Man, that's one BEAUTIFUL Peterson. Grats, man


----------



## juni (Oct 16, 2009)

It still tastes a bit like varnish when smoking it, but I'm only on my fourth one-quarter of a bowl.


----------



## Garys4598 (Jan 16, 2010)

Mine is an Atelier pipe made by Rolando Negoita; one of his rare "Katana" shaped pipes. Several years back when I contacted Mr. Negoita about commissioning this pipe (I was involved in the sport/discipline of Kendo at the time), if I recall correctly, he informed me that actually he had made one other Katana previously (although I might be mistaken; mine might have been his first).

Anway, at the time his fee for the pipe was a little over $800. I've yet to smoke her. . . and in fact may never; she is just too exquisite a piece and for me, my enjoyment of her is derived solely by seeing her each and every day within my pipe display; she's the center attraction.

Interestingly, if you go to Mr. Negoita's "Atelier" website you can see that he still offers this pipe as a custom order. But, ummm. . . he now has an asking price of $1,800 for one (n/k, go see for yourself). My particular Katana has a sandblasted briar versus the smooth briar he has depicted on his website. Oh, and mine came with a cherry display stand as well; similar to the one depicted on his website.

~Gary

:smoke:


----------



## DBCcigar (Apr 24, 2008)

Peterson makes some nice pipes. I have one in my collection, but my most expensive pipes is Ardor.


----------



## Garys4598 (Jan 16, 2010)

My Atelier 'Katana' pipe is pictured at back. . . the other pipes in the photo are other Rolando Negiota pipes that I also own.

Oh, and that 'crescent' shaped contemporary looking pipe at front, I've not smoked. It too is. . . something that is special to me aesthetically. Besides, I'm cursed with having too many other pipes at my disposal to smoke!


----------



## juni (Oct 16, 2009)

That whole collection looks like a statue of modern art (groovy).


----------



## Twiggz (Feb 15, 2009)

All beautiful pipes, But it must be the touch of Japanese in my blood that is drooling over your Katana! :jaw:

One of these days I'd like to own a high price pipe. But then Ill be tempted to smoke it.:hat:


----------



## commonsenseman (Apr 18, 2008)

juni said:


> It still tastes a bit like varnish when smoking it, but I'm only on my fourth one-quarter of a bowl.

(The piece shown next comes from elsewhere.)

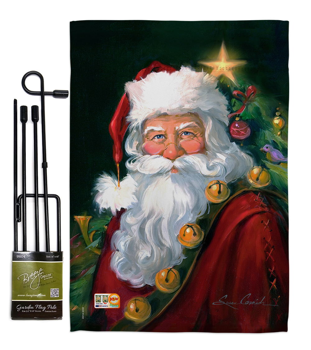 Christmas Beautiful Mini Garden Flag with Metal Garden Banner Pole Stand Complete Set Breeze Decor have variety of Garden Flag Set for all occasions Uniquely design for hanging indoor or outdoor use We are committed to offering you exceptional values Our customers enjoy displaying our Garden Flag Set for longer periods For more than a decade weve been dedicated to manufacturing flags with no comparison in quality and beautiful designs Our flags are made with our Pro Guard material that is soft to the touch and designs can be read correctly on the flag A feature that our customers will love We are committed to using ecofriendly inks that wont leave a foot print in our environment Features. Santa Portrait Winter Christmas Impressions Decorative Vertical Double Sided Garden Flag Set with Banner Pole. Proudly Printed in USAIncludes. 1 Piece x Mini Garden Flag 13 x 185. 1 Piece x 40 4 Pieces Breaks Down Metal Yard Banner StandSpecifications. Theme Christmas. Garden Flag Set Size 13 x 185. Breaks Down Garden Flag Pole Size 16 x 40. Print DoubleSided. Readable Readable Both Sides. Material Weather Resistant 3 Layers Blockout. Stitching Double Stitched. Display Vertical. Hang Type Sleeve. Artist Susan Comish. Weight 109 lbs

How's the varnish taste? Gone yet?


----------



## juni (Oct 16, 2009)

It is completely gone, the pipe is smoked in now .


----------



## commonsenseman (Apr 18, 2008)

Glad to hear it! How long did it take?

I'm pretty sure mine was pre-carbonized 'cause I didn't notice any varnish. Weird. :ask:


----------



## juni (Oct 16, 2009)

It took about 20 bowlfulls. I did give it a salt/alcohol treatment after two bowls which got rid of a lot of the stain.


----------



## Garys4598 (Jan 16, 2010)

Twiggz said:


> All beautiful pipes, But it must be the touch of Japanese in my blood that is drooling over your Katana! :jaw:


Well then, a little more torture shall we?

















Sorry; couldn't resist!


----------



## Bear Graves (May 23, 2009)

The Legendary Rolando Katana! Dear God, I hate you (ok, not "hate", but how about "envy you with every atom of my being"?). I have seen 1 (one) Atlier Katana before, at the Chicago Pipe Show in 2002. I had never been so utterly hypnotized by, or unequivocally lusted after a composition before. I study Iaido (Araki-ryu school,founded by Araki Mujinsai Minamotono Hidetsuna over 400 years ago ), and spent a good deal of time with Toyoda-sensei, who promoted me to shodan in Hemeji, Japan. One day...one fine day, I will own one.

Bear


Garys4598 said:


> Well then, a little more torture shall we?
> 
> 
> 
> ...


----------



## dmkerr (Oct 27, 2008)

Garys4598 said:


> Besides, I'm cursed with having too many other pipes at my disposal to smoke!


I know what you mean. I have way too many hot girlfriends. It's extremely depressing.... 
:mrgreen:

(knew I'd never get that out without laughing). What I mean is, hey, we all got problems, y'know? Stop whining! LOL

Thanks for sharing the photos. Awesome looking pipes you have there.


----------



## SmoknTaz (Jun 18, 2008)

Awesome looking pipes gentlemen.


----------